Pengibaran Bendera 75 Meter oleh 45 Penyelam di Tulamben

17 Agustus diperingati dengan membentangkan bendera sepanjang 75 Meter oleh 45 Penyelam Tulamben. Foto: Mongabay.com

Setelah obyek wisata dibuka kembali di masa pandemi ini, Organisasi Pemandu Selam Tulamben (OPST) menyemangati diri dan antar teman dengan pengibaran bendera bawah laut, pada peringatan kemerdekaan ke-75 Republik Indonesia ini.

Sebanyak 45 penyelam pun turun kembali ke bawah laut Tulamben yang indah, temu kangen dengan satwa laut di sana, Senin (17/08/2020). Mereka adalah pemandu lokal, turis domestik, turis asing yang harus perpanjang liburannya di Bali karena pandemi, dan komunitas penyelam lainnya.

Dimulai dengan pengibaran bendera bawah laut. Nengah Putu, Ketua OPST menjadi pemimpin upacara dan dua rekannya sebagai pengerek bendera, Nyoman Suastika dan Wayan Biseh. Sebuah tali dibentuk kotak, untuk jadi pembatas arena upacara di bawah laut. Bendera berkibar mengikuti arus yang diikatkan di tiang sekitar 7 meter. Setelah bendera di puncak tiang, satu persatu penyelam mencium bendera.

Baca Juga: Kemerdekaan Indonesia dan Upaya Memerdekakan Hutan

Setelah upacara bendera usai, dilanjutkan pengibaran bendera sepanjang 75 meter yang dipegang 45 penyelam berjajar di garis pantai. Kedalaman sekitar 15 meter dan berlokasi di area aman dekat Liberty Ship-wreck, bangkai kapal perang Amerika Serikat yang terdampar di pesisir Tulamben, Kabupaten Karangasem ini.

“Kami mengibarkan bendera lagi sebagai motivasi buat diri sendiri dan pemandu selam di sini biar tidak down karena pandemi ini,” urai Suastika. Dari sekitar 100-150 penyelam per hari, kini setelah obyek wisata dibuka mulai tengah Juli lalu, kunjungan penyelaman hanya 10-20 orang.

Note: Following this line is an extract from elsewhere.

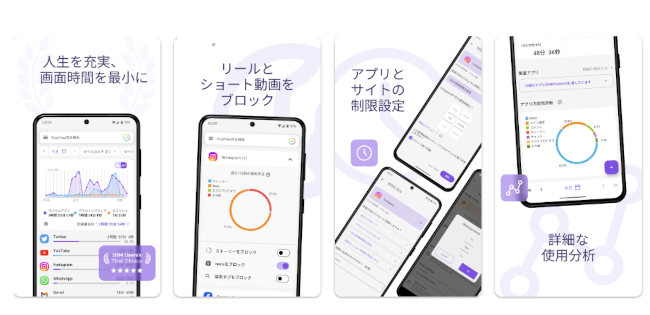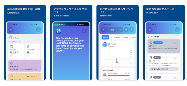 Stay Focusedは、スマホ依存症から抜け出すためのさまざまな機能を搭載したアプリです。主な機能は、次の通りです。・1日の使用時間制限:1日の使用時間を制限する

Bendera-bendera kecil yang dibawa penyelam dalam pengibaran bendera dan pembentangan bendera 75 meter oleh 45 penyelam di Tulamben, Karangasem, Bali. Foto: OPST/Kadek Suana

Sekitar 50 anggota OPST, warga Tulamben yang terlatih sebagai pemandu selam ini pun kehilangan pekerjaan selama pandemi. Demikian juga puluhan perempuan buruh angkut alat selam seperti tabung, tukang pijat, dan toko-toko penyewaan alat selam.

Ini berdampak pada puluhan hotel dan penginapan yang tergantung pada wisata bahari seperti snorkeling dan diving. Menyelam kembali dan merayakan kemerdekaan diharapkan bisa membangkitkan semangat untuk menghadapi pandemi.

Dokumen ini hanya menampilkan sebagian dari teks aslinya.